8. A Decision.

77 45 68
                                    

Pria bersurai legam itu menatap nanar ke arah jendela bus, memerhatikan orang orang yang tengah sibuk sendiri-sendiri dibawah sana, lalu lalang pejalan kaki, belum lagi dengan para pesepeda.

Dia berharap bahwa keputusan yang akan dia ambil ini benar, karena dirinya tak dapat memungkiri bahwa memang kini dia sangat membutuhkan pekerjaan itu.

Dia menggenggam amplop putih itu, dengan pikiran yang memenuhi kepalanya, memikirkan kemungkinan kemungkinan yang akan terjadi setelah ini.

Beberapa jam yang lalu.

Saat Doyoung membersihkan kamar Yuri.

Adik perempuannya itu telah berangkat ke kampus. Karena Yuri sedikit terlambat, jadi dia tidak sempat membersihkan kamar.

Jadilah Doyoung yang membereskan kamar Yuri yang bak kapal pecah itu. Mulai dari membenarkan sprei, melipat selimut, membenarkan posisi bantal dan juga bantal guling miliki Yuri.

Dan sampai pada saat dirinya akan membereskan tumpukan buku dan juga kertas diatas meja belajar Yuri yang agak terlihat tua itu, dia menemukan satu amplop putih dengan logo Universitas Yuri.

Doyoung mengerutkan dahinya, dia pikir adiknya meninggalkan suatu dokumen pentingnya saat pergi ke kampus.

Dia membulak balikan amplop itu. Kotor, sepertinya Yuri sempat menjatuhkannya. Karena rasa penasarannya, Doyoung membuka isi dari amplop itu.

Dia membaca surat yang isinya sangat menohok, bagaimana tidak? Ini adalah surat penagihan biaya semester kuliah.

“Surat penagihan?, tapi kenapa Yuri gak ngasih tau aku ya?” monolognya.

Dia kembali memasukan surat itu pada amplopnya dan menaruhnya seperti semula, lalu bergegas menuju ke kamarnya.
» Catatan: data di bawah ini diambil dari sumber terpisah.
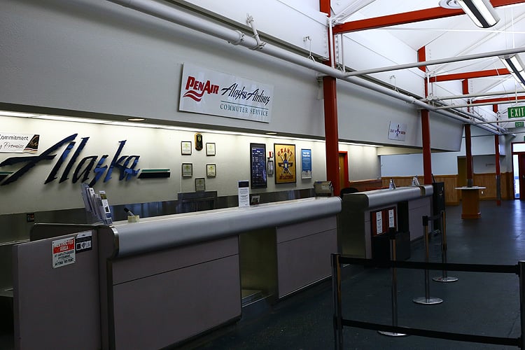 アンカレッジからダッチ・ハーバーの飛行機(写真左)は飛んでますが、

Dia mengeluarkan amplop dengan rupa yang sama namun dengan logo yang berbeda dari ranselnya, dia menatap amplop itu lamat lamat.

Doyoung menghela napas panjang, “Gak ada pilihan lain selain ini” lirihnya.

Ya. Doyoung akhirnya memenuhi panggilan kerja itu. Ingat saat Hyunjae memberikan surat panggilan kerja untuk Doyoung kan? Dia memutuskan untuk bergabung dengan perusahaan milik Lee Jeno. Dia benar benar tidak mempunyai pilihan lain, mengingat dia harus melunasi biaya kuliah sang adik yang nominalnya tak dapat diremehkan.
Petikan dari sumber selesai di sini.